Accessibility statement
How to generate, configure, and display an accessibility statement with AccessYes. Covers the built-in statement generator, linking to an existing statement, and display options.
Updated
In this article: What an accessibility statement is, when one is required, and how to create and display one using AccessYes. Covers the built-in generator, linking to an existing statement, and the two widget display options.
An accessibility statement is a public document that explains your site’s current conformance with accessibility standards, identifies any known issues, and gives visitors a way to report problems or request accessible formats.
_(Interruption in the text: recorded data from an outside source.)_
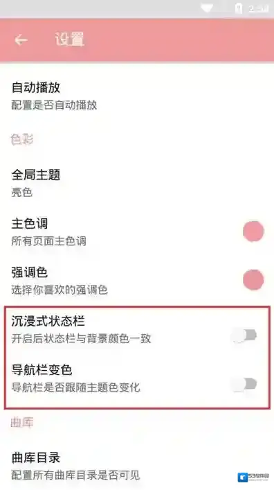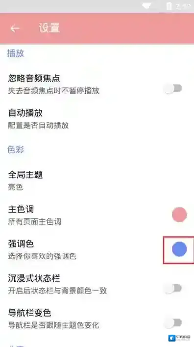 11、最后还可以开启色彩中的其他两项,让状态栏和导航栏的颜色也和主题色一致。
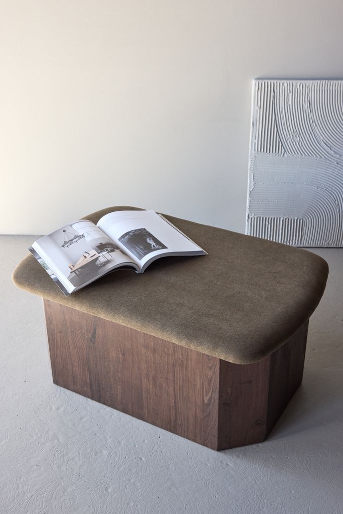 Elegant ottoman i trendig mocca med mångsidig funktionalitet och modern design.
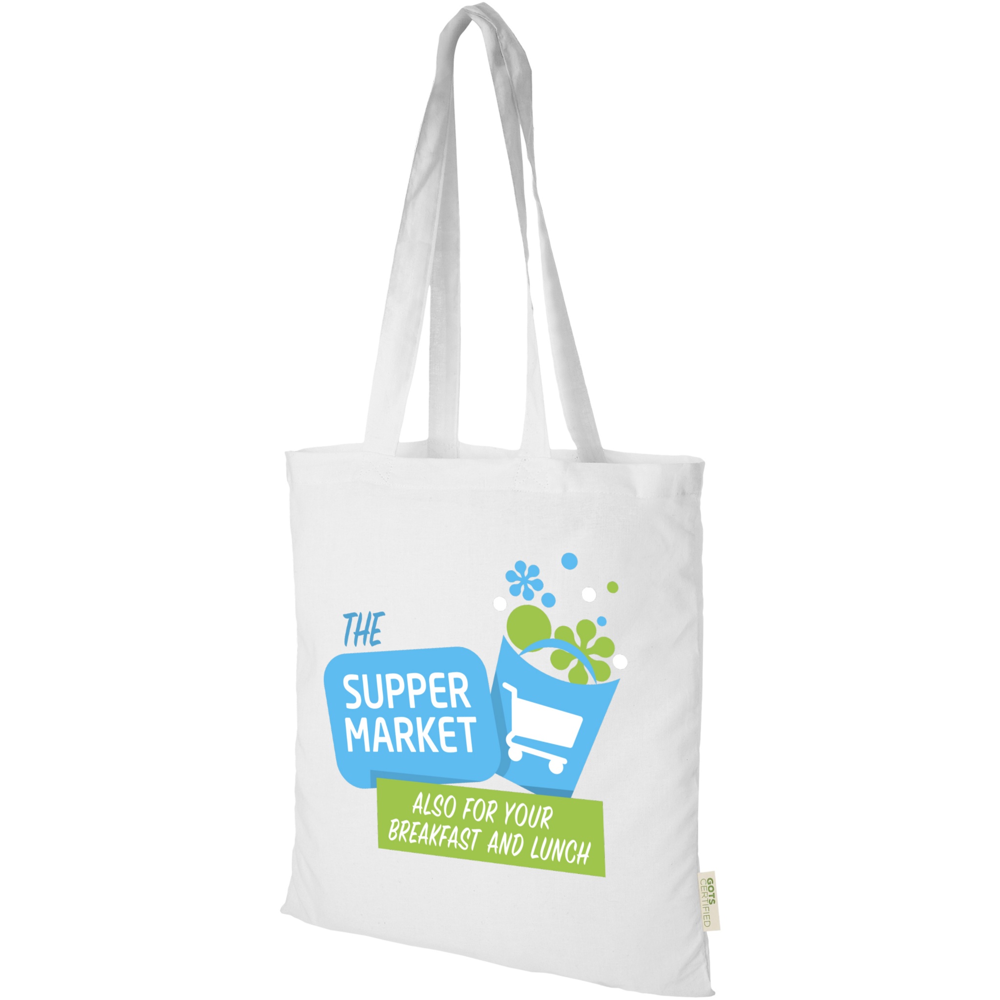 Sustainable tote bag with a large open main compartment providing plenty of space to carry around all of the essentials. The 32 cm long handles makes it comfortable and easy to carry around wherever you go. This tote bag is made in India with 100 g/m² organic cotton and is OEKO-Tex certified. Resistance up to 5 kg weight.

AccessYes includes a built-in generator and a widget integration so visitors can access your statement directly from the accessibility menu.
What is an accessibility statement?
An accessibility statement typically covers:
- Which accessibility standard the site aims to meet (usually WCAG 2.1 or 2.2 at Level AA)
- The current conformance status (fully conformant, partially conformant, or non-conformant)
- Any known accessibility issues and planned remediation dates
- How visitors can contact you to report an issue or request accessible content
- A reference to any third-party components or content outside your control
Statements vary in detail and format. Regulators in some regions publish required templates. In others, any clear, honest statement is acceptable.
When is an accessibility statement required?
Public sector websites (UK and EU)
In the UK, the Public Sector Bodies (Websites and Mobile Applications) (No. 2) Accessibility Regulations 2018 require public sector websites to publish an accessibility statement and review it at least annually. Statements must follow the government’s model template (for UK public sector) or the EU Web Accessibility Directive equivalent.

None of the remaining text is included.